Quale messaggio arriva da questa duplice consultazione che, comunque la si giudichi, è stata capace di mobilitare milioni dei lettori?
È il segnale, un segnale forte, che la gente non si fida più dello Stato centralista. Forse qualcuno non si aspettava che lo esprimesse in maniera così netta, ma questa è la realtà. Non si fida perché lo trova scarsamente efficiente e incapace di fornire ai cittadini servizi all’altezza. Però è anche un segnale che contiene una dose di paura: siccome i tempi sono difficili ognuno vuole tenere per sé le proprie risorse, ma quando uno Stato è così distante dal cittadino è facile che ciò avvenga.

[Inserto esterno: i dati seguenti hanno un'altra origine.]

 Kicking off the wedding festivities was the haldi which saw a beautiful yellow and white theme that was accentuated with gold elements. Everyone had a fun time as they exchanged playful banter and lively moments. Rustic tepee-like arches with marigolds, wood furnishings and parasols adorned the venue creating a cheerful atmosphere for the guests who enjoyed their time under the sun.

Dato per scontato che la quasi totalità dei partecipanti al voto avrebbe scelto il “sì”, il risultato che ci si attendeva di valutare era quello dell’affluenza alle urne. Come spiega la grande differenza tra il 57,2% del Veneto e il 38,2% della Lombardia?  Spicca in particolare il dato Veneto, in cui l’affluenza è stata altissima.

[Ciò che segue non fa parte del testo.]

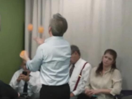 juggling 3 orange balls.
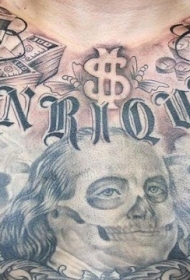 胸部墨西哥土著彩色骷髅国王和王后纹身图案
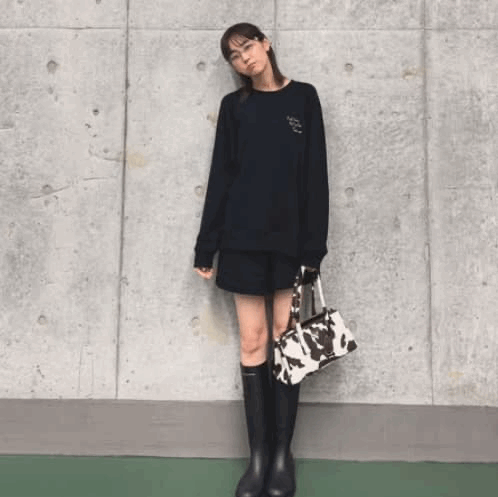 梅雨シーズンのコーデを投稿。上下黒のコーデに長靴を着用した姿を披露した。
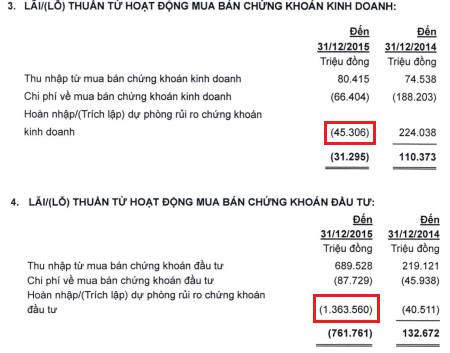 Theo các thông tin công bố trong báo cáo, ngân hàng này đã lỗ tới 993 tỷ đồng từ hoạt động mua bán chứng khoán đầu tư, chỉ tính riêng trong 3 tháng cuối năm. Lũy kế cả năm 2015, ACB lỗ 762 tỷ đồng từ hoạt động này.
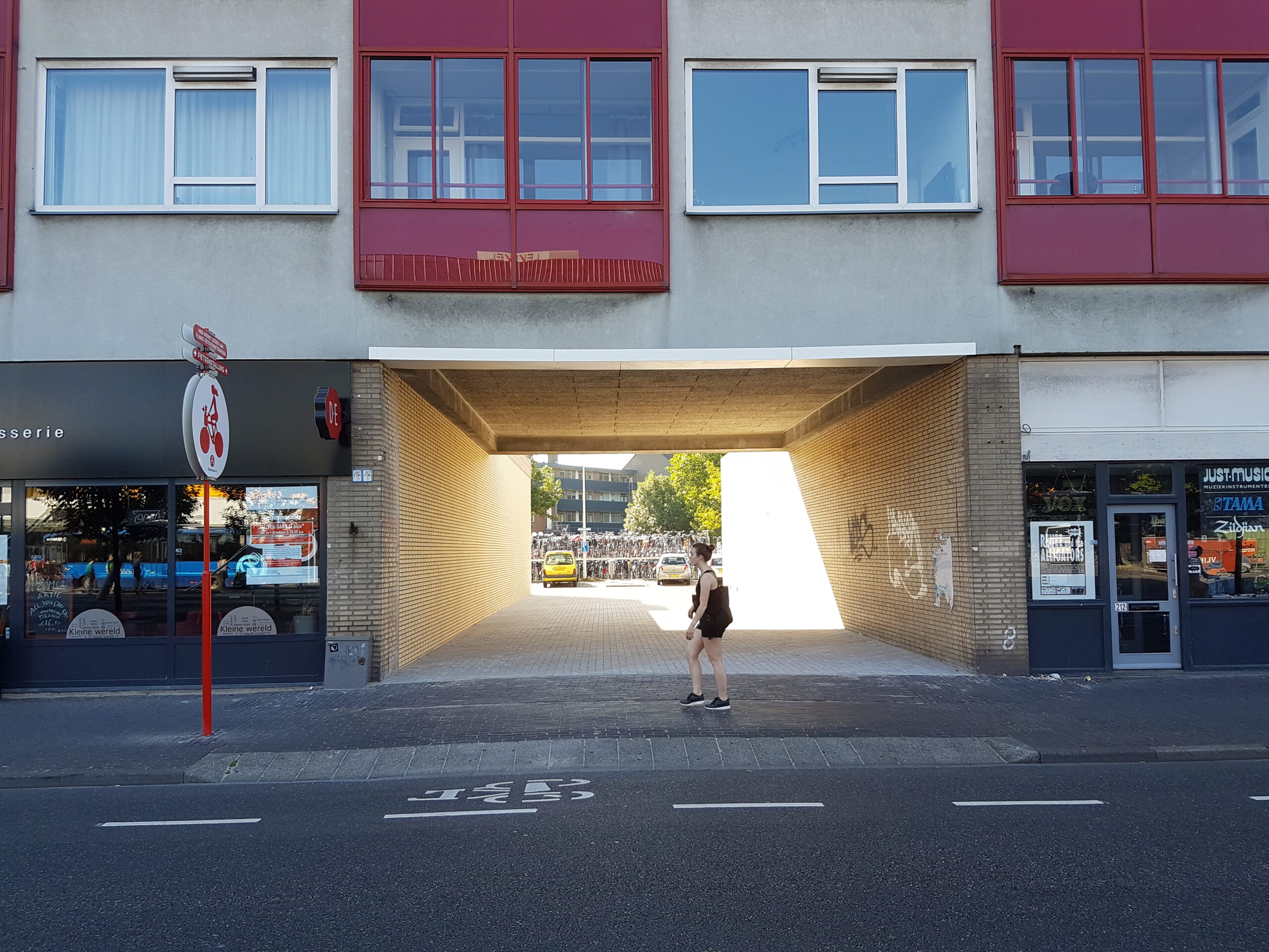 De onderdoorgang in de flat langs het Stationsplein is sinds vandaag weer open. De afgelopen weken werd de doorgang door flateigenaar Urban Interest in ere hersteld. Fietsers en voetgangers hebben daardoor weer een makkelijkere route van het Morssingelterrein naar het station en het busplatform.
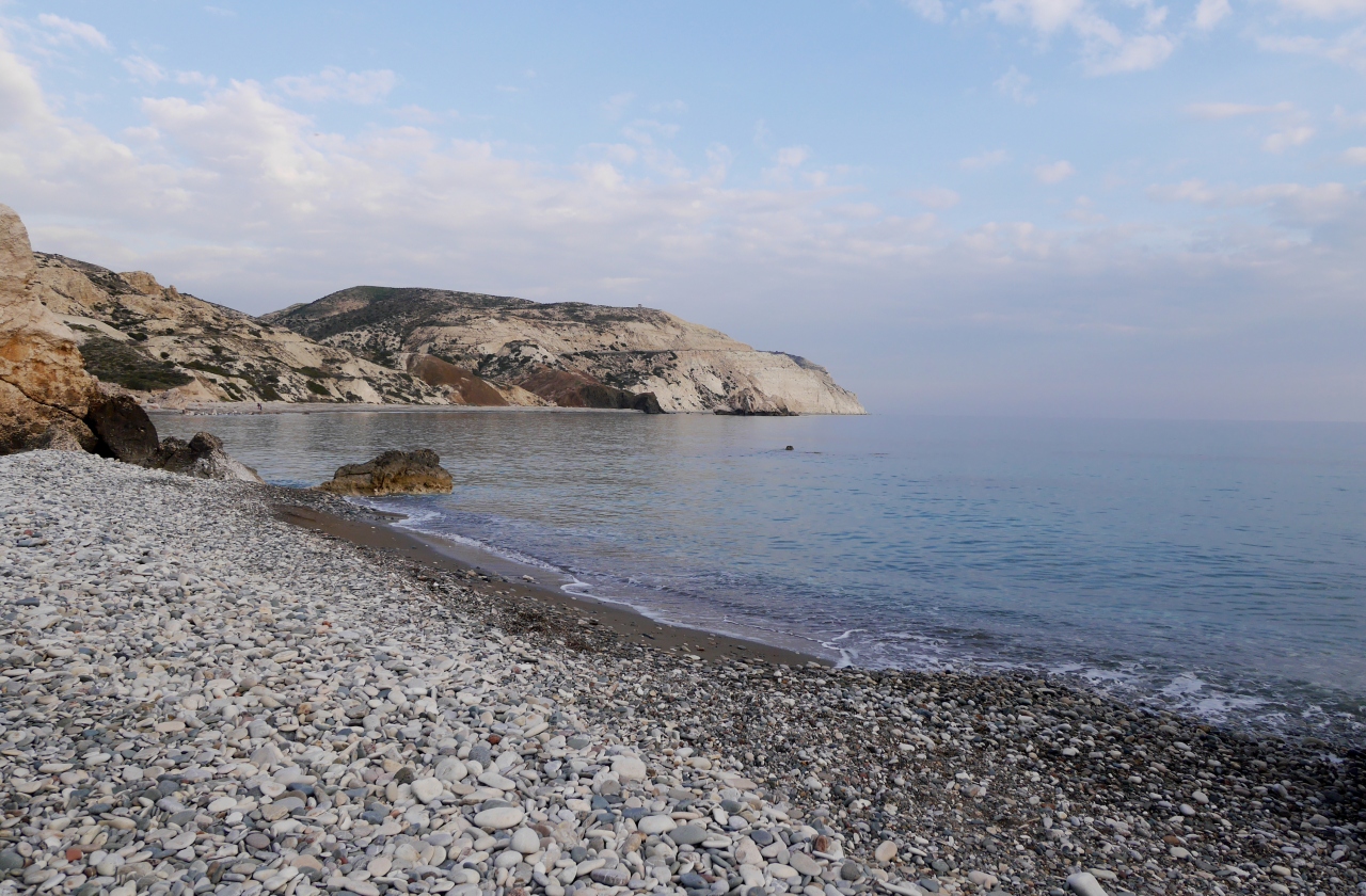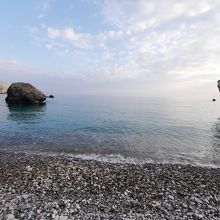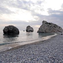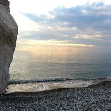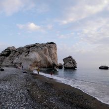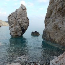 確かにボッティチェリのビーナスの誕生の絵のモデルにふさわしい海岸だ!Aphrodite生誕地で元旦夕方の冬の海でも青く透明ですばらしい.夏の晴れた日ならもっとすごいだろうと思う.この青さがどこから来ているのか.岩の成分によるのかよくわからない.しかしぜひ行ったほうがよい.アフロディテの泉は大したことなかったがここは素晴らしい!駐車場から地下道で行くことができる.

Dipende dalla diversa capacità di rapporto con lo Stato centrale e quindi dai benefici che si è in grado di ricavare da questo rapporto. Milano è una città molto forte e lo è anche la Lombardia, ma ha imostrato poca propensione al voto. Non dimentichiamo poi gli scandali che hanno colpito, soprattutto nel settore della sanità, la stessa Regione Lombardia, e che hanno inevitabilmente ridotto la fiducia dei cittadini nei confronti di quell’istituzione.

Ci saranno ripercussioni sullo scenario politico nazionale?

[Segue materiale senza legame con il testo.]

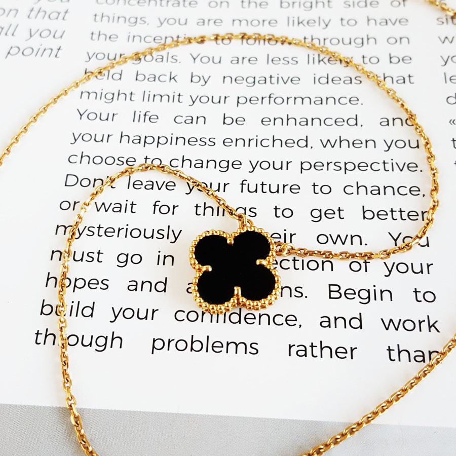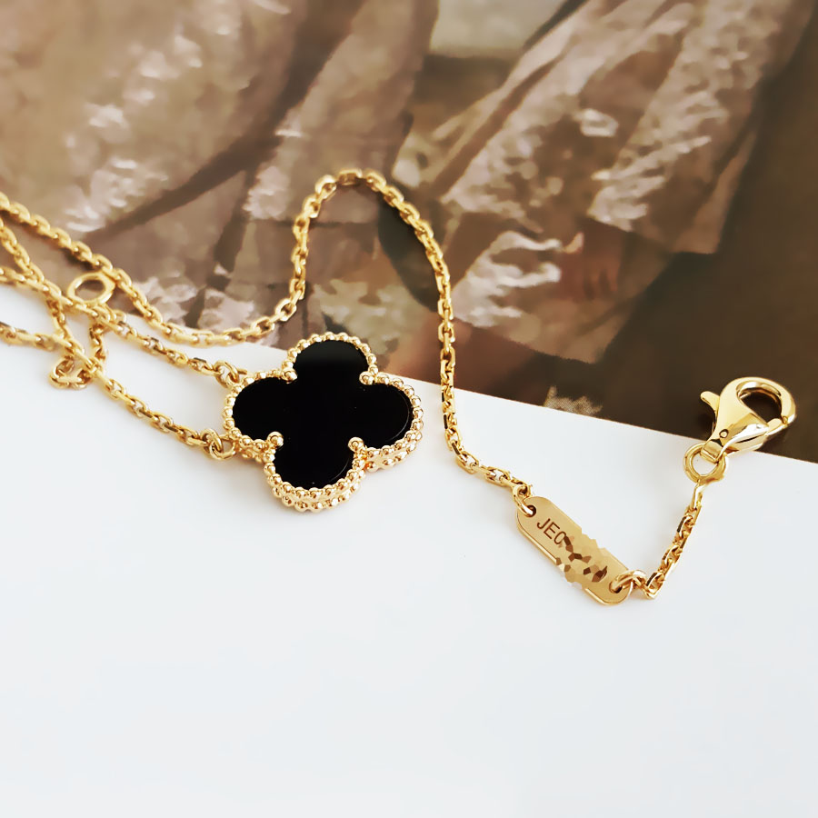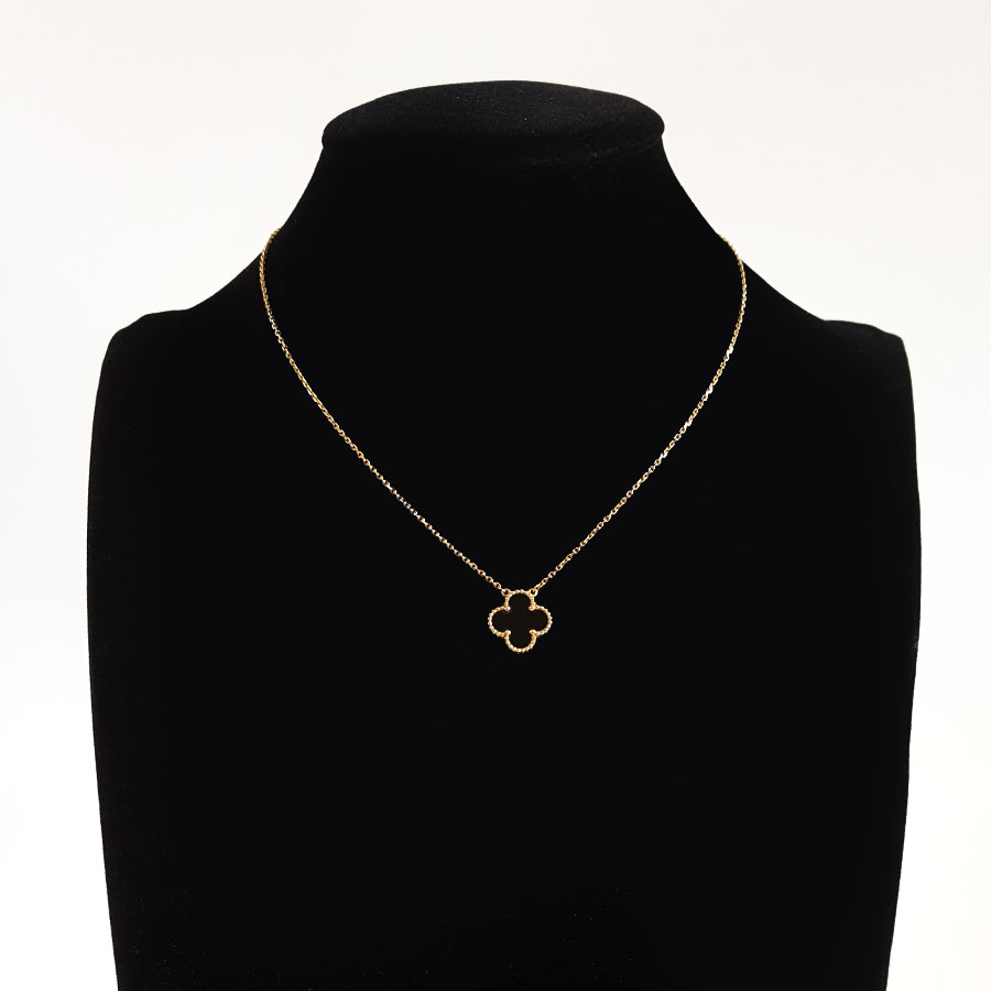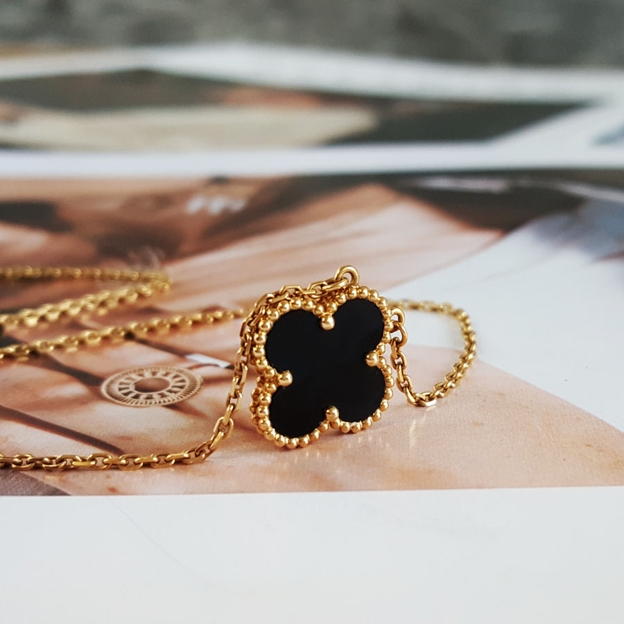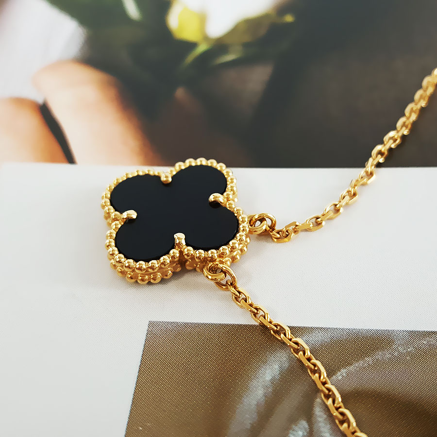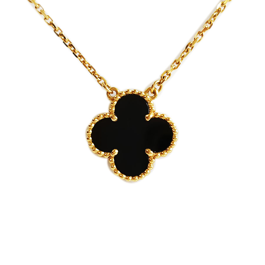 款式 | 中号18K黄金镶黑玛瑙四叶草老扣黑花项链 |

Certamente. Innanzitutto è stato messo in campo un nuovo motivo di campagna elettorale. Già assistiamo al tentativo di trasferire il discorso della maggiore autonomia sul piano nazionale, estendendolo a tutte le Regioni anche se queste non hanno i conti a posto. Non è possibile perché lo vieta la Costituzione, ma diventa comunque un formidabile argomento di propaganda. E poi ci sarà il tentativo dei vincitori di alzare sempre più la posta, come sta già facendo il governatore del Veneto Zaia con la richiesta del 90% delle risorse per il Veneto. Nessuno spiega, per esempio, come farà una Regione a subentrare all’amministrazione statale in una misura del genere. È un problema enorme, anche soltanto a livello di personale. Ma intanto si fa campagna elettorale. Speriamo che sia anche il modo per spiegare ai Governanti, la difficile situazione che ancora molte famiglie e tante aziende italiane stanno affrontando. La politica, ora, deve rispondere in maniera seria, riprendendo in mano il problema dell’ordinamento regionalistico nella Costituzione. Bisogna afferrare il toro per le corna, inutile girare intorno al cuore della questione. Il centralismo non funziona. Allora è necessario aprire una grande fase di riflessione per riscrivere nuove regole. Un processo che sarà lungo, che dovrà prevedere delle tappe intermedie, ma che soprattutto richiederebbe una classe politica con il coraggio della visione di lungo periodo ed è quello che purtroppo ci manca.